__Task prompt__.
Nothing but the lines below from the one holding "Esse design de" up to and including the one holding "الأول نيوز –" should be copied, exactly and without pictures.

__Provided material__.
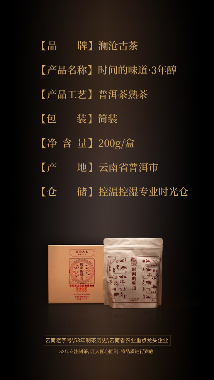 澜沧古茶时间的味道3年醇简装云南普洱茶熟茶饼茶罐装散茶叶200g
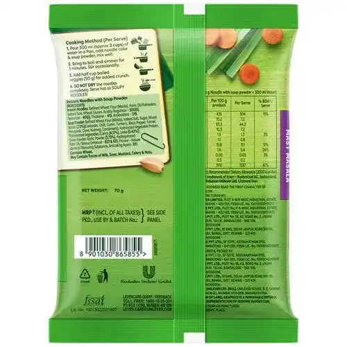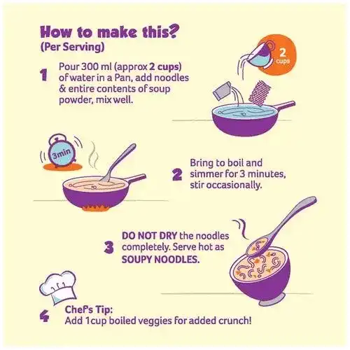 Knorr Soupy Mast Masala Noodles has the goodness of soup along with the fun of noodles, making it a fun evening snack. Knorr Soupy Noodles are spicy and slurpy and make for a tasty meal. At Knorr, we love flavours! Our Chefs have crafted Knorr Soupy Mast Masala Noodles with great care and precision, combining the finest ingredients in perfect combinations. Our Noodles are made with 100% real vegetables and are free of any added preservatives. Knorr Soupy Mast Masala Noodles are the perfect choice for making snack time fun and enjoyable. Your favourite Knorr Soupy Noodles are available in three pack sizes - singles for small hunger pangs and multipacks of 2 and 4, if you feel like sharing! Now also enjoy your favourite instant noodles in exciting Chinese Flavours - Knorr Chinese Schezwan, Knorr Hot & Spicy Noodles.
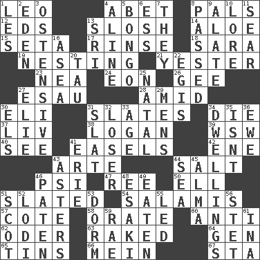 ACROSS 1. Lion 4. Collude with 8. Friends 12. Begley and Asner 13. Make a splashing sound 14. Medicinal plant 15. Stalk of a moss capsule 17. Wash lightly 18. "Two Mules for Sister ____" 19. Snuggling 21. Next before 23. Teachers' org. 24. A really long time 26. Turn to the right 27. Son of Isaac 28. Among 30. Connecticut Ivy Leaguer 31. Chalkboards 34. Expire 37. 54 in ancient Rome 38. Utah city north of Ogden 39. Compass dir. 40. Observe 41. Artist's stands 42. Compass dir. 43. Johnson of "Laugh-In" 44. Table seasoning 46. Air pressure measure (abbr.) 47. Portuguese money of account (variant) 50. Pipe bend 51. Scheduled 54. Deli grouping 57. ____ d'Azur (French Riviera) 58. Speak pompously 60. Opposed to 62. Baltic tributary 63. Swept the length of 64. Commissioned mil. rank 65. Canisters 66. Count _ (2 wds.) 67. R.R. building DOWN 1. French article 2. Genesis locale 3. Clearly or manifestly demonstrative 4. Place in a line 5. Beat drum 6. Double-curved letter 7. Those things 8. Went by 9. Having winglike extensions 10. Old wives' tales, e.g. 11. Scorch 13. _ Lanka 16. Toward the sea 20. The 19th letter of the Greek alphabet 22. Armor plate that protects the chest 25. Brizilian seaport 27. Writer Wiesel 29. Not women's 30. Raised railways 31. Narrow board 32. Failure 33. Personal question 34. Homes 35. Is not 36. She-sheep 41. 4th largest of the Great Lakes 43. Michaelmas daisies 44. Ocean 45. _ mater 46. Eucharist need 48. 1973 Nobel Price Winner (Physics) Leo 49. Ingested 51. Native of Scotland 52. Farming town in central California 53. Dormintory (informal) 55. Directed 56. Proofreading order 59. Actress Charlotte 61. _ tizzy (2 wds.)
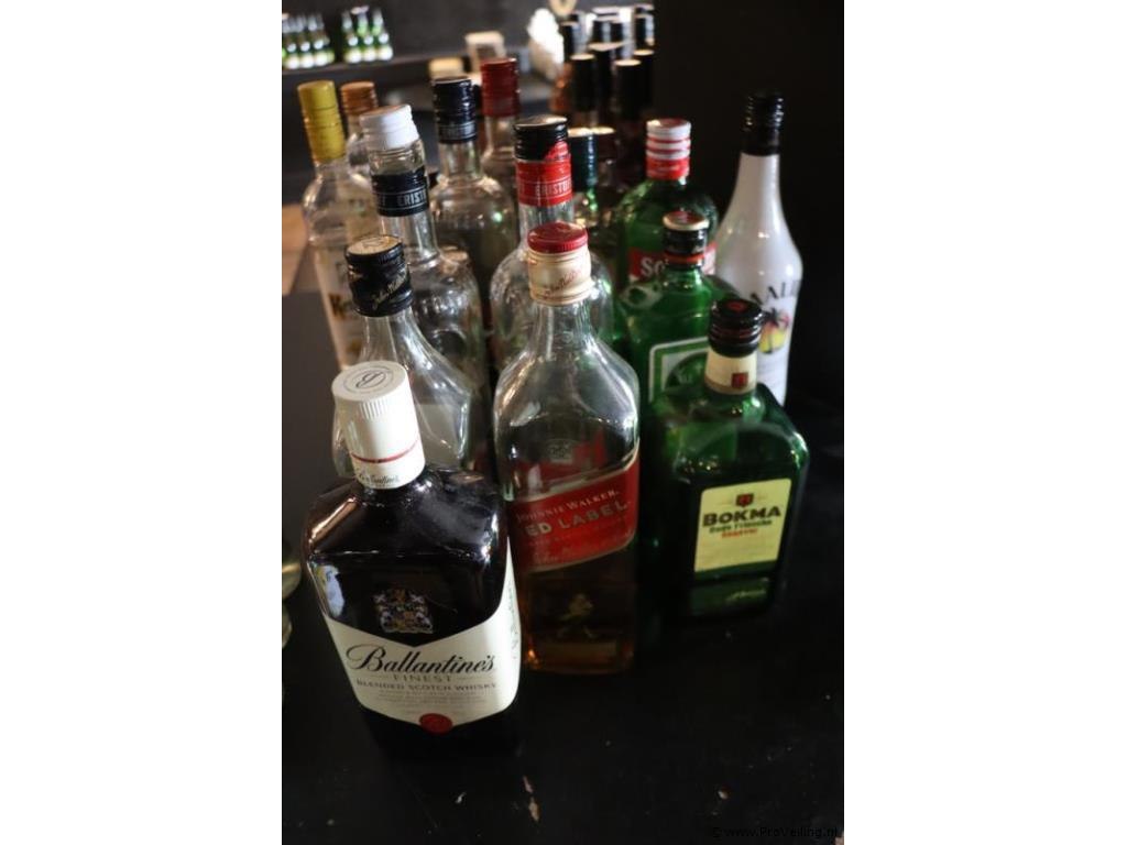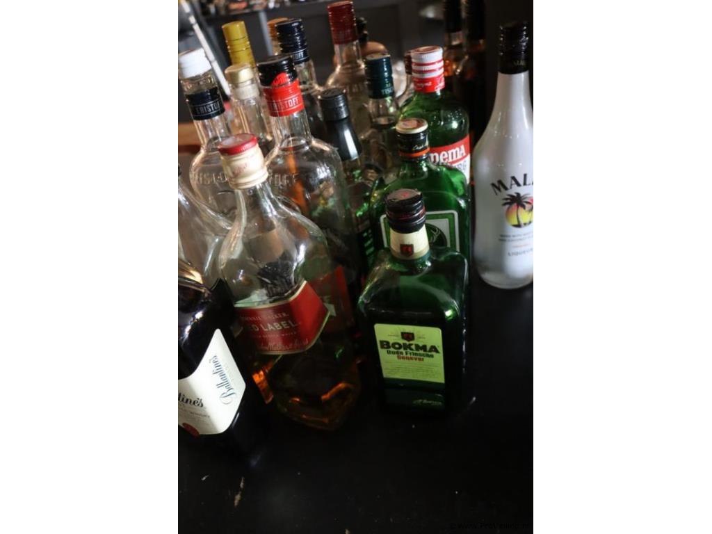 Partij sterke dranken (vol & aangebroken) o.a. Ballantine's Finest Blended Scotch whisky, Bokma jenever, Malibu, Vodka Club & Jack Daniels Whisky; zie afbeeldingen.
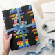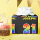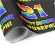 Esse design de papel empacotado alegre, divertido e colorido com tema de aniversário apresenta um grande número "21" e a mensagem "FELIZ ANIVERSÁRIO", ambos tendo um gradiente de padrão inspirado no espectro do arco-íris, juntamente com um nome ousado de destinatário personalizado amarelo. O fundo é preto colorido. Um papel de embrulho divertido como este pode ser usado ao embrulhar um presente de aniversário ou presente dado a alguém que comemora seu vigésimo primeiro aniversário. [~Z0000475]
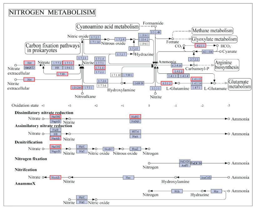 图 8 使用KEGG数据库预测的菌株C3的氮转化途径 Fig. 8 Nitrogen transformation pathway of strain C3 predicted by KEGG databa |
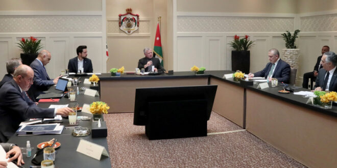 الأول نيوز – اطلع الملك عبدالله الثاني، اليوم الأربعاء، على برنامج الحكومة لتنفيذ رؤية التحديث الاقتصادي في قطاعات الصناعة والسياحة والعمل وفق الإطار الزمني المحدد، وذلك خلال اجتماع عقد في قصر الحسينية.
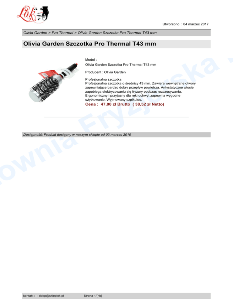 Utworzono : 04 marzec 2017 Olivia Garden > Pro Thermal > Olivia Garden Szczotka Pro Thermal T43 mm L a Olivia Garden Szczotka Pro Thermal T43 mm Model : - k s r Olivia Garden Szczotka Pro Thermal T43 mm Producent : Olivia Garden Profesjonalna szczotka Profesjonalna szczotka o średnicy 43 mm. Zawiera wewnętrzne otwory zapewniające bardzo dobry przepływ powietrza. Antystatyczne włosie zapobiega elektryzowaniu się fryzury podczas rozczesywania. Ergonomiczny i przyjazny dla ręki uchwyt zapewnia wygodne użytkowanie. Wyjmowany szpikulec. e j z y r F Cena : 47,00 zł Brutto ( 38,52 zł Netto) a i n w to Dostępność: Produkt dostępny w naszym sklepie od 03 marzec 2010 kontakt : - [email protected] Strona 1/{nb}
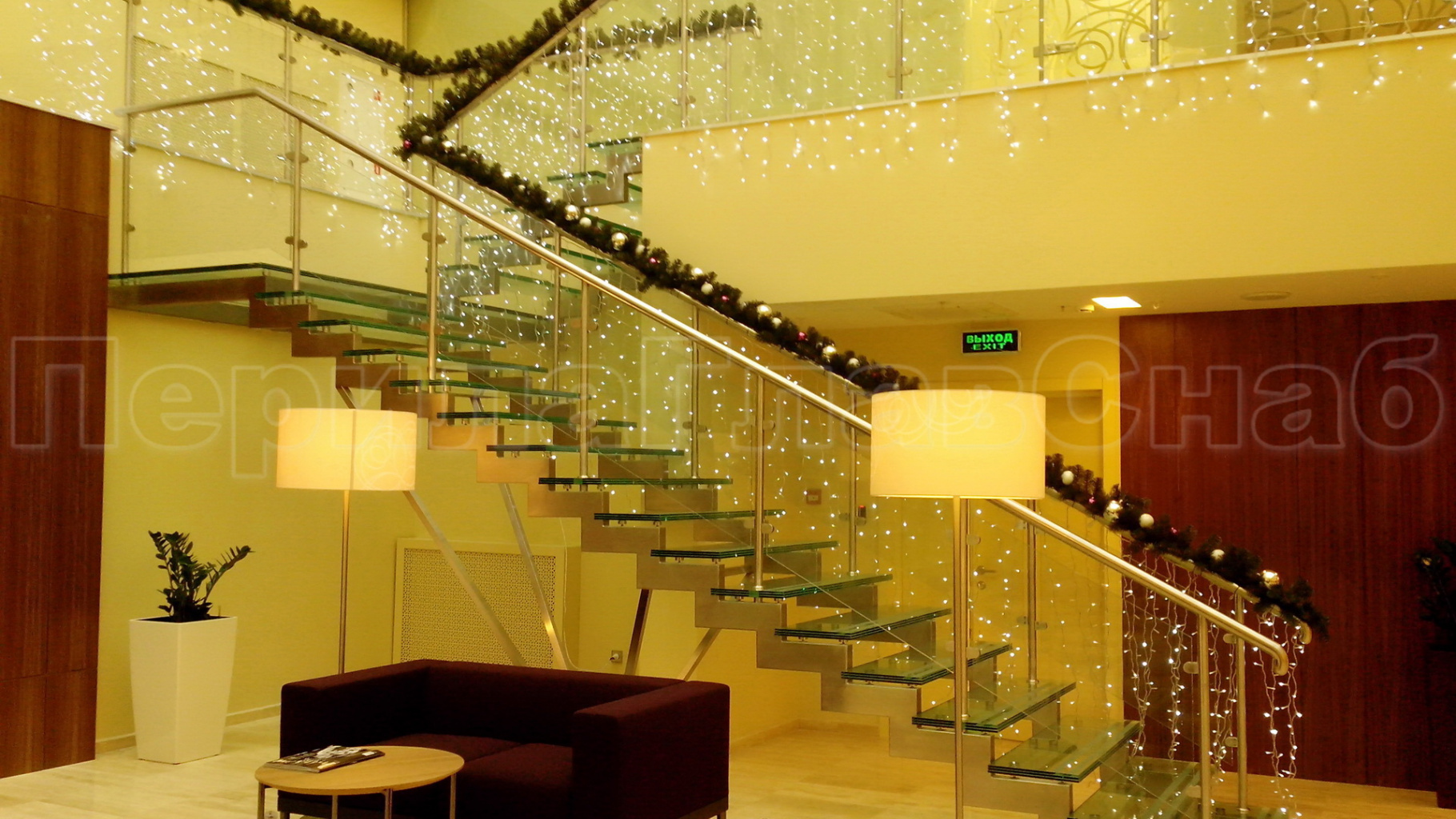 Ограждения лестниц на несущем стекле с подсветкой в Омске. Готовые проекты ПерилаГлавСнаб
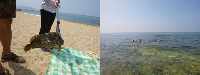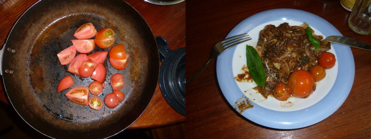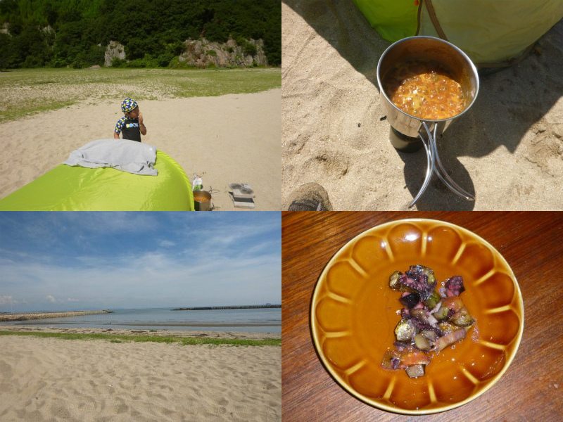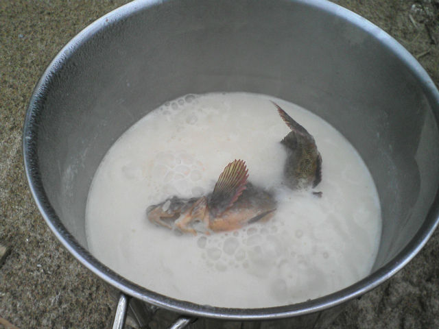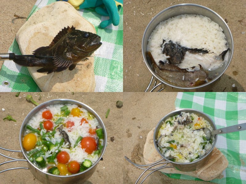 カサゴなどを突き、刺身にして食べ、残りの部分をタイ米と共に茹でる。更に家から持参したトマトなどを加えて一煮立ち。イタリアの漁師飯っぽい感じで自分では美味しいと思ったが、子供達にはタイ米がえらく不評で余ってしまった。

__The completed task__.
 Esse design de papel empacotado alegre, divertido e colorido com tema de aniversário apresenta um grande número "21" e a mensagem "FELIZ ANIVERSÁRIO", ambos tendo um gradiente de padrão inspirado no espectro do arco-íris, juntamente com um nome ousado de destinatário personalizado amarelo. O fundo é preto colorido. Um papel de embrulho divertido como este pode ser usado ao embrulhar um presente de aniversário ou presente dado a alguém que comemora seu vigésimo primeiro aniversário. [~Z0000475]
 图 8 使用KEGG数据库预测的菌株C3的氮转化途径 Fig. 8 Nitrogen transformation pathway of strain C3 predicted by KEGG databa |
 الأول نيوز – اطلع الملك عبدالله الثاني، اليوم الأربعاء، على برنامج الحكومة لتنفيذ رؤية التحديث الاقتصادي في قطاعات الصناعة والسياحة والعمل وفق الإطار الزمني المحدد، وذلك خلال اجتماع عقد في قصر الحسينية.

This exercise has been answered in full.